PROVIDED RECORDS:
•••

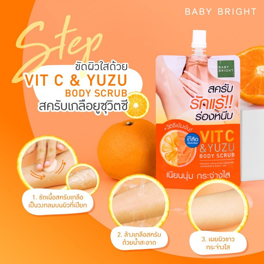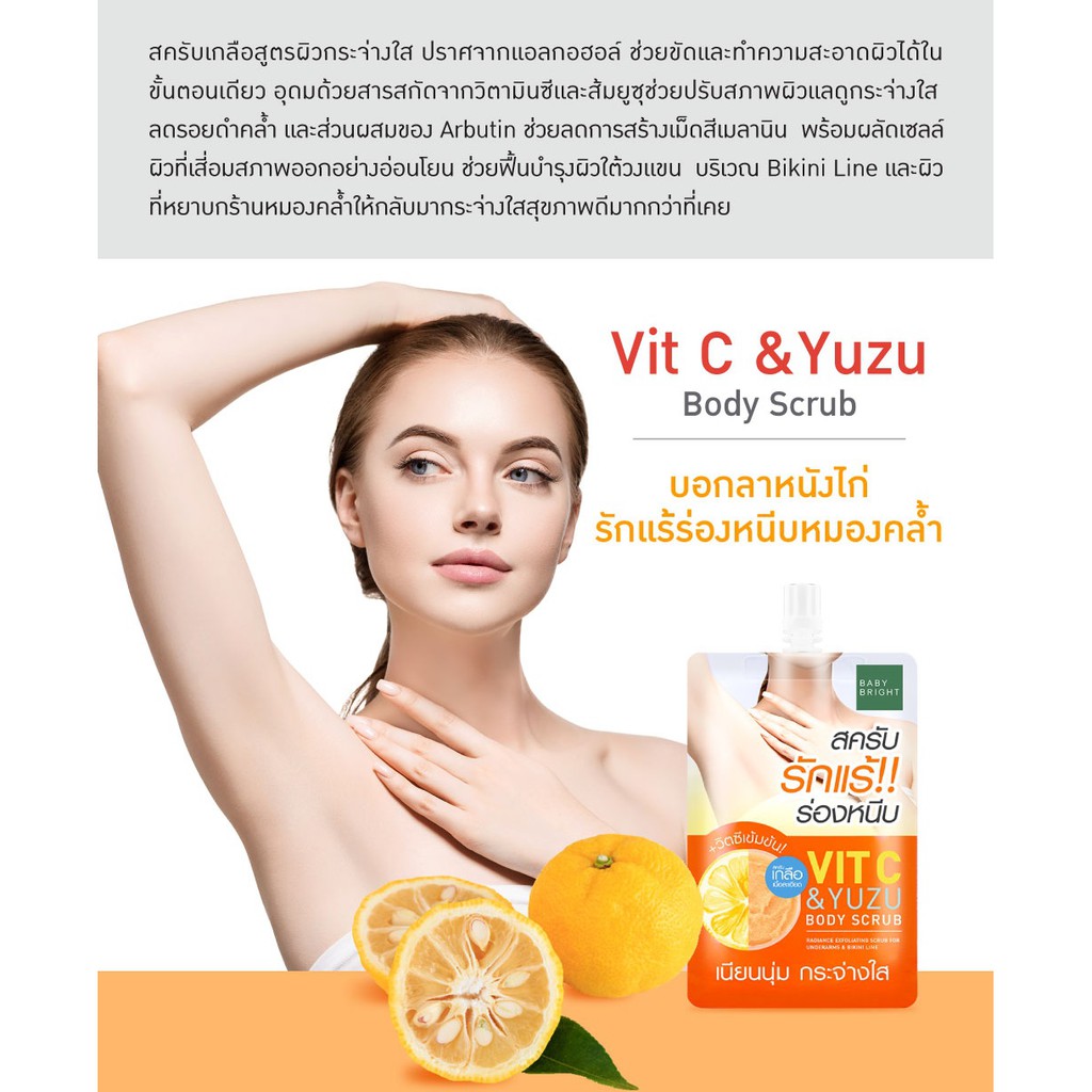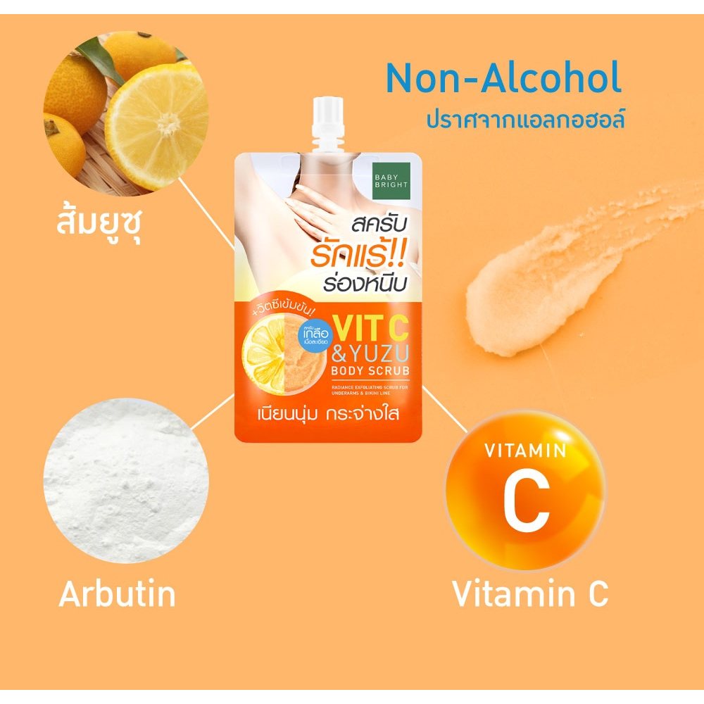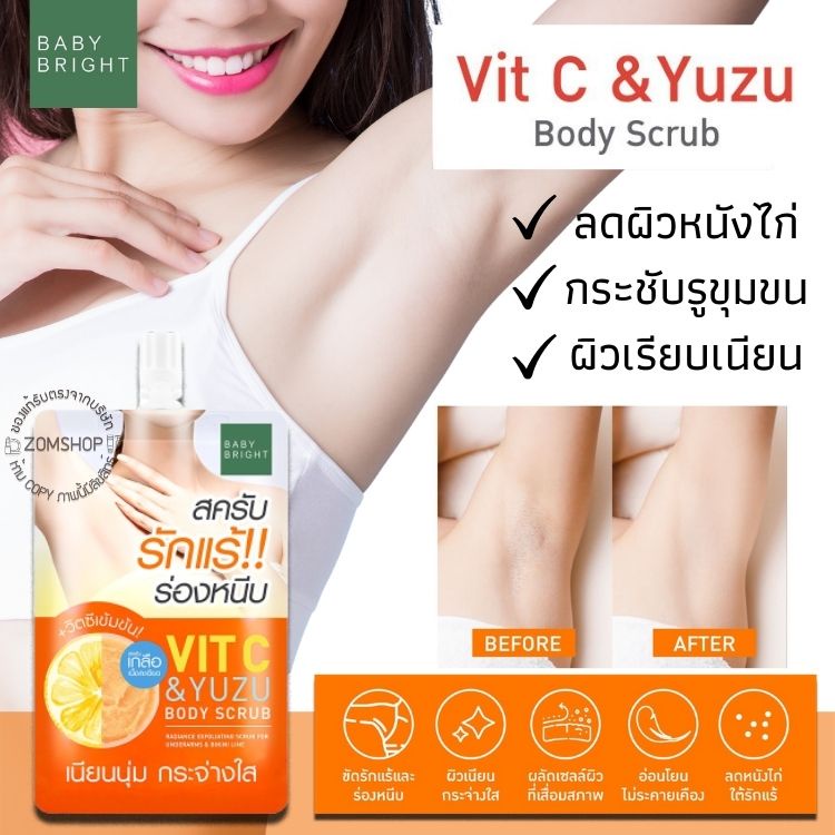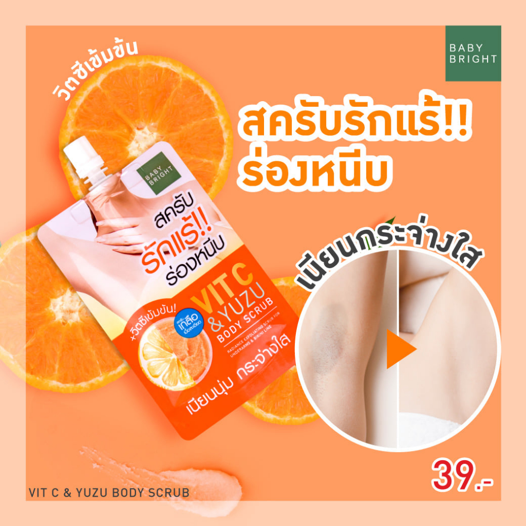 【1ชิ้น】สครับรักแร้ & ร่องหนีบ【วิตซี】อ่อนโยน Vit C & Yuzu Body Scrub 40g. Baby Bright
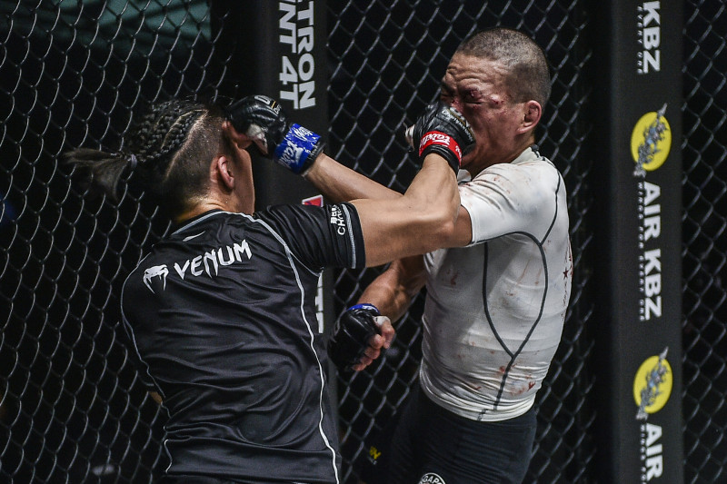 テオの顔面にパンチを入れるジンナン(c)ONE Championship
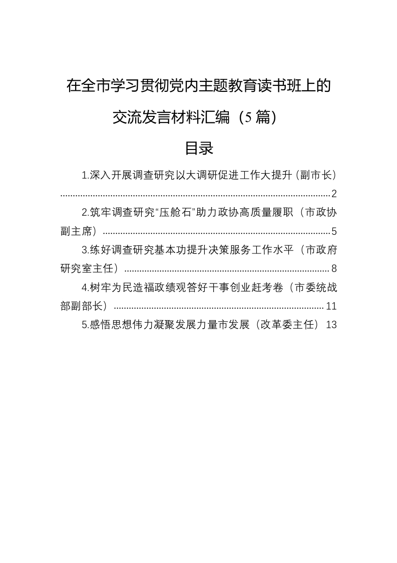 / 在全市学习贯彻党内主题教育读书班上的交流发言材料汇编(5篇)(二)
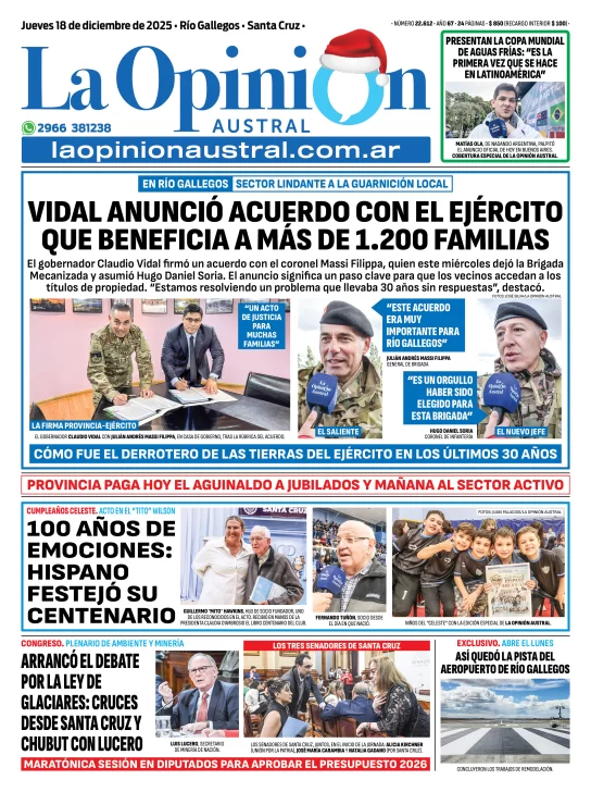 El club “Celeste” festejó 100 años de historia, deporte y pertenencia en el gimnasio Tito Wilson, con reconocimientos a socios históricos y una edición especial de La Opinión Austral.
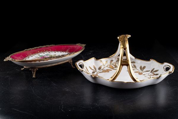 Made of porcelain. One in a basket shape with ribbon handle, polylobed edge, with leaf and fruit decorations in pure gold (12 x 27 x 20 cm). The other valet tray is a tub, in red color, with a bouquet of flowers on a white background within a golden reserve. Crankset and feet in bronze (6.5 x 28 x 15 cm)
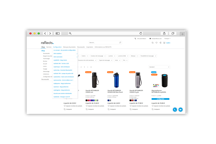 Nous développons constamment notre boutique en ligne et vous proposons différentes applications. Cela comprend par exemple le calcul de votre marquage ou la configuration de certains produits directement en ligne. En plus, un accès à la boutique en ligne vous permet de gérer vos propres données et commandes.
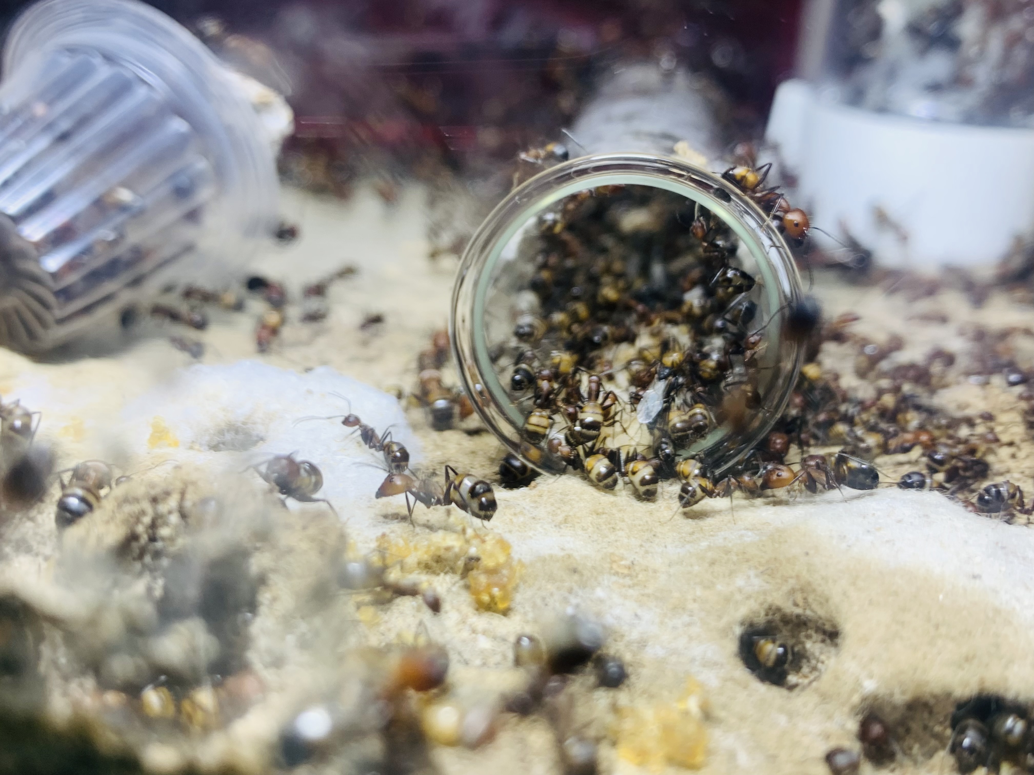 Im Sommer 2021 kam der erste Schwung an Geschlechtstieren sehr viele Jungköniginnen und Männchen wurden aufgezogen. Zuerst ist man richtig stolz, dass sie das machten, jedoch wurden diese irgendwann fast zur Plage. Trotz dem riesigen Potenzial der Jungköniginnen sind sie in der Heim-Ameisenhaltung nur Ballast. Ich habe fleißig Jungköniginnen und später auch Männchen aussortiert.
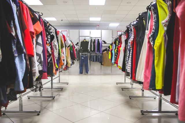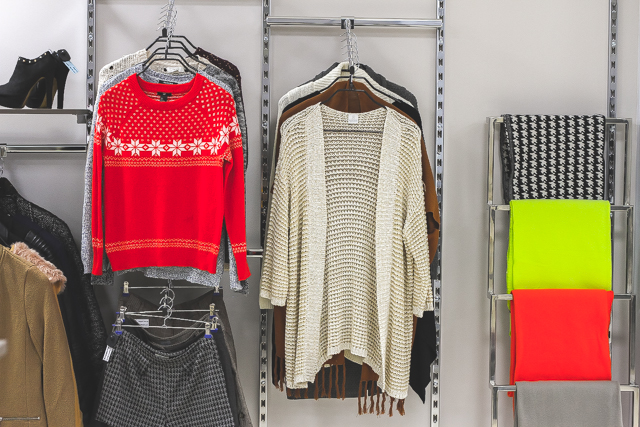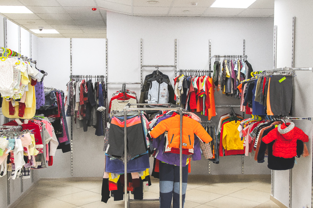 Располагается магазин на втором этаже торгового центра на улице Четаева, 58б. Зал просторный, очень светлый. Первое отличие от всех предыдущих секондов, в которых я была – нет большой корзины с наваленной кучей вещей, в которой ты должен копаться в поисках своего размера, нужного фасона или приемлемой цены. Аккуратные ряды с одеждой, висящей на плечиках. В одной части – женские вещи, которые занимают почти 70% пространства, в другой – мужские, есть отдельная зона для детской одежды и обуви.

•••

GOAL OF THE EXERCISE: The reply should reproduce every entry above word for word and contain no pictures.

RESULT OF THE EXERCISE:
 【1ชิ้น】สครับรักแร้ & ร่องหนีบ【วิตซี】อ่อนโยน Vit C & Yuzu Body Scrub 40g. Baby Bright
 テオの顔面にパンチを入れるジンナン(c)ONE Championship
 / 在全市学习贯彻党内主题教育读书班上的交流发言材料汇编(5篇)(二)
 El club “Celeste” festejó 100 años de historia, deporte y pertenencia en el gimnasio Tito Wilson, con reconocimientos a socios históricos y una edición especial de La Opinión Austral.
 Made of porcelain. One in a basket shape with ribbon handle, polylobed edge, with leaf and fruit decorations in pure gold (12 x 27 x 20 cm). The other valet tray is a tub, in red color, with a bouquet of flowers on a white background within a golden reserve. Crankset and feet in bronze (6.5 x 28 x 15 cm)
 Nous développons constamment notre boutique en ligne et vous proposons différentes applications. Cela comprend par exemple le calcul de votre marquage ou la configuration de certains produits directement en ligne. En plus, un accès à la boutique en ligne vous permet de gérer vos propres données et commandes.
 Im Sommer 2021 kam der erste Schwung an Geschlechtstieren sehr viele Jungköniginnen und Männchen wurden aufgezogen. Zuerst ist man richtig stolz, dass sie das machten, jedoch wurden diese irgendwann fast zur Plage. Trotz dem riesigen Potenzial der Jungköniginnen sind sie in der Heim-Ameisenhaltung nur Ballast. Ich habe fleißig Jungköniginnen und später auch Männchen aussortiert.
 Располагается магазин на втором этаже торгового центра на улице Четаева, 58б. Зал просторный, очень светлый. Первое отличие от всех предыдущих секондов, в которых я была – нет большой корзины с наваленной кучей вещей, в которой ты должен копаться в поисках своего размера, нужного фасона или приемлемой цены. Аккуратные ряды с одеждой, висящей на плечиках. В одной части – женские вещи, которые занимают почти 70% пространства, в другой – мужские, есть отдельная зона для детской одежды и обуви.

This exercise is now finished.